[[ DATA EXTRACTS open ]]

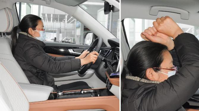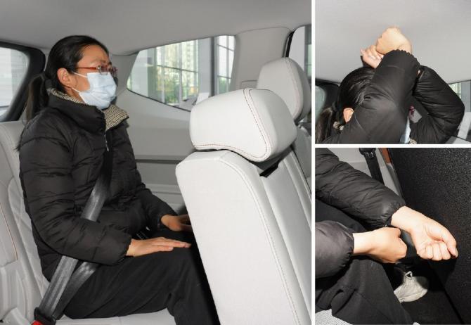 空間表現(xiàn)方面,身高165cm的女性體驗(yàn)者坐在前排,座椅調(diào)至最低,頭部空間超過2拳。來到后排,前排座椅不變的情況下,體驗(yàn)者的頭部空間2拳,腿部空間超過2拳,中間座位的地板也算比較平整。整體空間表現(xiàn)在同級(jí)中屬于上乘。
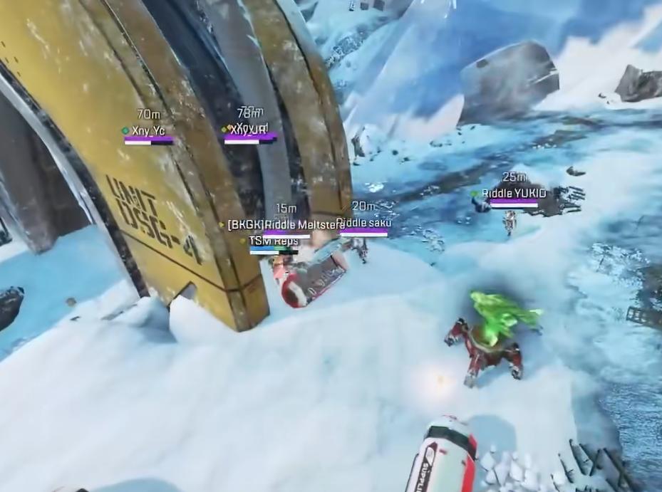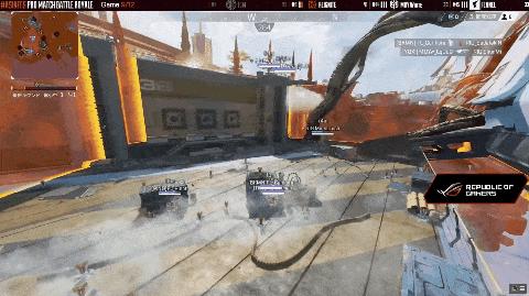 MDYW也通過對地圖的理解喫到一雞,他們在佔據高點後,活用投擲物以及班加羅爾的彈幕轟炸大招機制(本該落入虛空的導彈會集中刷到地面上),瞬間清空了一整支隊伍。
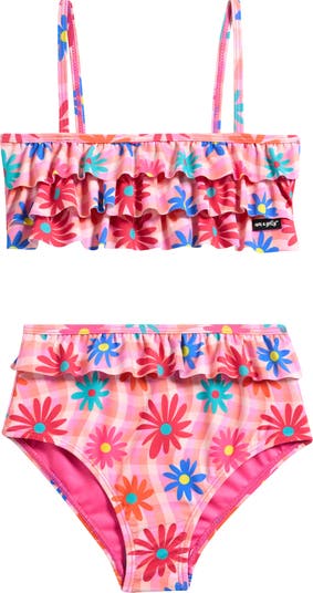 They'll be ready to soak up the sunshine in this ruffled two-piece swimsuit that's patterned in a floral plaid print.
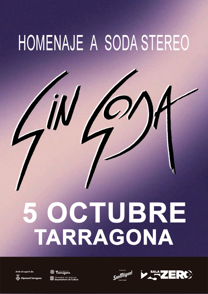 La banda homenatge al grup argentí, Soda Estéreo, Sin Soda, ens farà gaudir d’un bon tardeo de Diumenge 5 d’Octubre a la Sala Zero. Sin Soda esta celebrant el seu 25 anys de carrera musical portant als escenaris la música i el so d’aquesta mítica banda. Es diu que Soda Estéreo tornarà el proper 2026 a l’escenari Movistar Arena, el 21 de març de 2026.
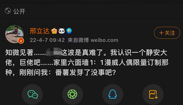 你看,家中六面墙1:1限量定制漫威人偶的大佬,他居然询问:番薯发芽了能不能吃?
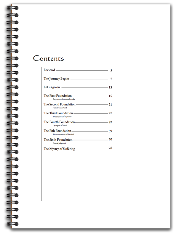 This 82-page, spiral-bound manual offers an in-depth exploration of the first principles, found in Hebrews 6:1-3. It's glossy, clear cover makes it visually appealing and its leather-look back makes it durable and easy to store. Invaluable for anyone wanting to understand the foundations for entering the Kingdom of God.
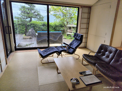 Read more京都夕日ヶ浦温泉でオーシャンビューの露天風呂付き客室の宿を検索して 夕日ヶ浦海岸からは少し離れていますが、濁り湯にまずひかれてと、少し離れた静かな感じにひかれてこちらに決めました。 お部屋シンプルで綺麗です上品な感じがするお部屋でした。じぞうに宿泊しました 思っていたよりは広くはなかったですが、綺麗なお部屋でした。お風呂も檜内風呂、石造りの露天風呂ありお湯が良かったです。濁りにほのかな海の香りのする塩化系の温泉湯上がりスルッとします。お庭もソファーあり湯上がりに良かったです。海の潮騒と鳥の声に、とても癒やされます。 見晴らしもかなり良いです。 大浴場もシンプルですが濁り湯とサウナもあり綺麗で良かったです。 お部屋にはコーヒーお茶ありますがコーヒーが数多くおいてあり気兼ねなく飲めるのが嬉しかったです。ロビーにも湯上がりにコーヒー、ドリンク、ワイン、ウォーターサーバーなどもあり、ありがたいサービスでしたがお部屋に持って行くはできませんが湯上がりに最高でした。お食事については料理は見た目、繊細ながらに美味しい味かなり良かったです。季節に合う素材に見た目、味付け個室でのお食事で料理は大変満足しました。 中居さんや対応も優しくく丁寧です。 こちらのお宿は静かな、おこもり宿にうってつけです。食事以外は誰もいないのか?自分達だけと思わせるほど、ほどよい音楽と、あちこちから波の音いい意味での静けさに本当にのんびり出来ます。 自然感じながらの、のんびりと温泉重視で最高です。夕日ヶ浦温泉より温泉質はいいです。 立地は観光なら、こちらから車で15分ほどで夕日ヶ浦海岸や道の駅なども行けアクセスもいいです。 車で15分ほどの木下酒造も中居さんに教えてもらい行きました地酒や酒ケーキ、酒ソフトクリーム美味しかったです。 最高なお宿ですが星3つになった要素は全国色々なお宿行った個人的総合での評価になります。値段が5、6万円代なら最高評価でした。 お値段が9万となりますと色々行った結果の感想として部屋の広さ化粧品アメニティ、設備などは 色々行っただけに 少し物足りなさはあります。お風呂、食事、サービス、お部屋いいお宿です。 値段に対しては、それなりなお宿という感想になります。 ちなみに喫煙者の方は、ご注意下さい部屋は当たり前に、どこも禁煙ありますが、こちらは宿外などにも喫煙所はありません。 夏のお食事と庭での温...
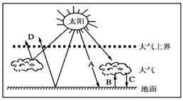 5、单选题  下图为大气受热过程示意图。完成小题。
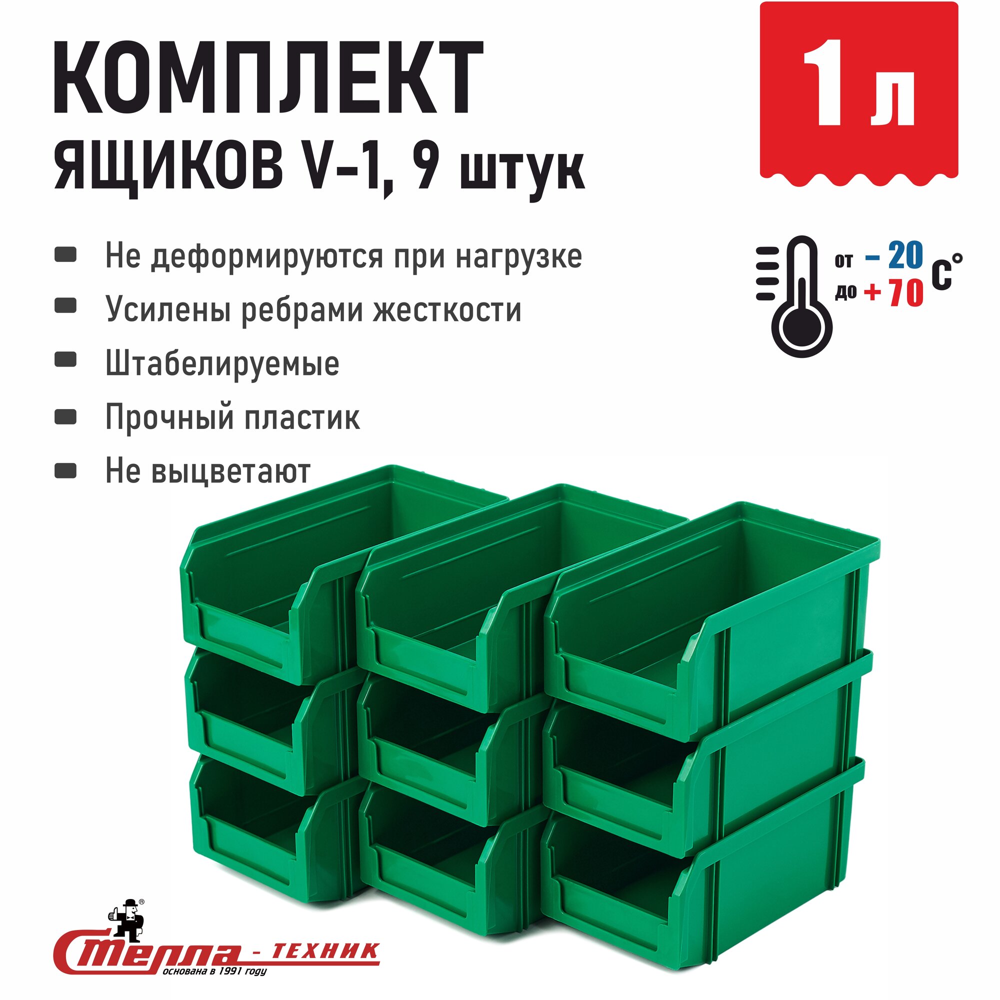 V-1-К9-красный Стелла-техник Пластиковый ящик , 180х310х140мм, комплект 9 штук, V-1-К9-красный .
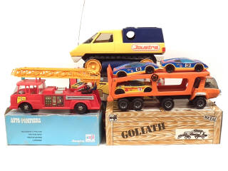 JOUSTRA (FRANCE) 0854 Camion grande échelle de pompiers rouge & orange
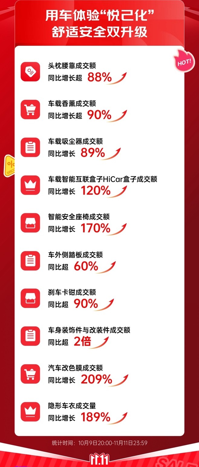 京东汽车11.11期间,智能安全座椅成交额同比增长170%,头枕腰靠成交额同比增长超88%,车载香薰成交额同比增长超90%,车载吸尘器成交额同比增长89%,优化智能互联体验的车载互联盒子HiCar盒子成交额也实现120%的同比增长。同时,超6000万车主在淘宝选购车品,做车后保养,用户对车内舒适配置和个性化装饰的投入持续增加。

[[ DATA EXTRACTS closed ]]

TO DO →
The records above must be printed exactly; the pictures stay out.

ANSWER TO THIS PROBLEM →
 空間表現(xiàn)方面,身高165cm的女性體驗(yàn)者坐在前排,座椅調(diào)至最低,頭部空間超過2拳。來到后排,前排座椅不變的情況下,體驗(yàn)者的頭部空間2拳,腿部空間超過2拳,中間座位的地板也算比較平整。整體空間表現(xiàn)在同級(jí)中屬于上乘。
 MDYW也通過對地圖的理解喫到一雞,他們在佔據高點後,活用投擲物以及班加羅爾的彈幕轟炸大招機制(本該落入虛空的導彈會集中刷到地面上),瞬間清空了一整支隊伍。
 They'll be ready to soak up the sunshine in this ruffled two-piece swimsuit that's patterned in a floral plaid print.
 La banda homenatge al grup argentí, Soda Estéreo, Sin Soda, ens farà gaudir d’un bon tardeo de Diumenge 5 d’Octubre a la Sala Zero. Sin Soda esta celebrant el seu 25 anys de carrera musical portant als escenaris la música i el so d’aquesta mítica banda. Es diu que Soda Estéreo tornarà el proper 2026 a l’escenari Movistar Arena, el 21 de març de 2026.
 你看,家中六面墙1:1限量定制漫威人偶的大佬,他居然询问:番薯发芽了能不能吃?
 This 82-page, spiral-bound manual offers an in-depth exploration of the first principles, found in Hebrews 6:1-3. It's glossy, clear cover makes it visually appealing and its leather-look back makes it durable and easy to store. Invaluable for anyone wanting to understand the foundations for entering the Kingdom of God.
 Read more京都夕日ヶ浦温泉でオーシャンビューの露天風呂付き客室の宿を検索して 夕日ヶ浦海岸からは少し離れていますが、濁り湯にまずひかれてと、少し離れた静かな感じにひかれてこちらに決めました。 お部屋シンプルで綺麗です上品な感じがするお部屋でした。じぞうに宿泊しました 思っていたよりは広くはなかったですが、綺麗なお部屋でした。お風呂も檜内風呂、石造りの露天風呂ありお湯が良かったです。濁りにほのかな海の香りのする塩化系の温泉湯上がりスルッとします。お庭もソファーあり湯上がりに良かったです。海の潮騒と鳥の声に、とても癒やされます。 見晴らしもかなり良いです。 大浴場もシンプルですが濁り湯とサウナもあり綺麗で良かったです。 お部屋にはコーヒーお茶ありますがコーヒーが数多くおいてあり気兼ねなく飲めるのが嬉しかったです。ロビーにも湯上がりにコーヒー、ドリンク、ワイン、ウォーターサーバーなどもあり、ありがたいサービスでしたがお部屋に持って行くはできませんが湯上がりに最高でした。お食事については料理は見た目、繊細ながらに美味しい味かなり良かったです。季節に合う素材に見た目、味付け個室でのお食事で料理は大変満足しました。 中居さんや対応も優しくく丁寧です。 こちらのお宿は静かな、おこもり宿にうってつけです。食事以外は誰もいないのか?自分達だけと思わせるほど、ほどよい音楽と、あちこちから波の音いい意味での静けさに本当にのんびり出来ます。 自然感じながらの、のんびりと温泉重視で最高です。夕日ヶ浦温泉より温泉質はいいです。 立地は観光なら、こちらから車で15分ほどで夕日ヶ浦海岸や道の駅なども行けアクセスもいいです。 車で15分ほどの木下酒造も中居さんに教えてもらい行きました地酒や酒ケーキ、酒ソフトクリーム美味しかったです。 最高なお宿ですが星3つになった要素は全国色々なお宿行った個人的総合での評価になります。値段が5、6万円代なら最高評価でした。 お値段が9万となりますと色々行った結果の感想として部屋の広さ化粧品アメニティ、設備などは 色々行っただけに 少し物足りなさはあります。お風呂、食事、サービス、お部屋いいお宿です。 値段に対しては、それなりなお宿という感想になります。 ちなみに喫煙者の方は、ご注意下さい部屋は当たり前に、どこも禁煙ありますが、こちらは宿外などにも喫煙所はありません。 夏のお食事と庭での温...
 5、单选题  下图为大气受热过程示意图。完成小题。
 V-1-К9-красный Стелла-техник Пластиковый ящик , 180х310х140мм, комплект 9 штук, V-1-К9-красный .
 JOUSTRA (FRANCE) 0854 Camion grande échelle de pompiers rouge & orange
 京东汽车11.11期间,智能安全座椅成交额同比增长170%,头枕腰靠成交额同比增长超88%,车载香薰成交额同比增长超90%,车载吸尘器成交额同比增长89%,优化智能互联体验的车载互联盒子HiCar盒子成交额也实现120%的同比增长。同时,超6000万车主在淘宝选购车品,做车后保养,用户对车内舒适配置和个性化装饰的投入持续增加。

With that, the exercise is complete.